The only Hi-Lo I can get in my garage is the 17 footer. It doesn't sleep four adults very well. We prefer the queen and double beds in the 2720. The dinette can also be used if we have to.

Bill
02-26-2005, 10:38 AM
Wayne -

I can't give you definitive advise, but if you have to choose between the lift kit on one hand, and the 5000 pound axle/15" tires on the other, think about it carefully. The 2720 with 14" wheels and 3500 pound axle is not hard to overload, especially if you option it up from the factory as most of us do (air conditioner, awning, etc). When you add water in the tanks for dry camping, propane in those tanks, a microwave, food (for a 24-year old athletic boy!), TV, clothes, etc, it mounts up pretty fast. And you sound like you take a ton of other stuff with you, related to the bikes. If you put most of it in the truck, then your TM is OK - but if you hope to carry a lot of it in the TM, it may be a problem.

Bill

B_and_D
02-26-2005, 12:50 PM
Wayne -

Congratulations on your purchase! I think you'll really enjoy it.
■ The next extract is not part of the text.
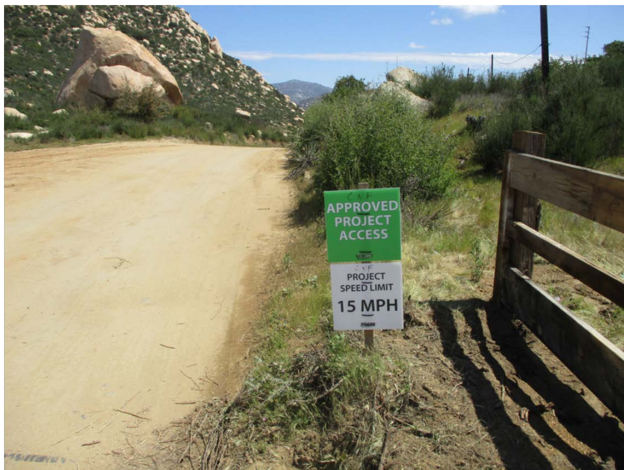
Photo 1: In accordance with APM AIR-03 and MM BIO-24, project personnel were observed abiding by the posted 15 mph speed limit (access road off Round Potrero Road near Z972808 (TL 6923)).

We hope to see you on the road once in a while with your TM. If you're in San Jose we're about 40 or so miles from you.

D

PopBeavers
03-05-2005, 07:59 AM
I callad the factory regarding special ordering the 2720 with larger axle and 15 inch wheels. Mike talked me out of it. He confinced me that:

1. he had only heard of this being done once.
2. it requires building the trailer outside of the normal assembly line (I understood that to mean much higher cost and longer build time)

PopBeavers
03-19-2005, 10:17 PM
On our way from San Jose to Auburn today we stopped by Dinuba RV in Rio Vista. Our TM 2720 was schedueled to be completed yesterday and should ship this coming week. We have a tentative appointment to pick it up on Saturday.

Only had a little bit of time to visit. We had never been to the shop. We bought the TM at a show and only talked with them at the show and on the phone.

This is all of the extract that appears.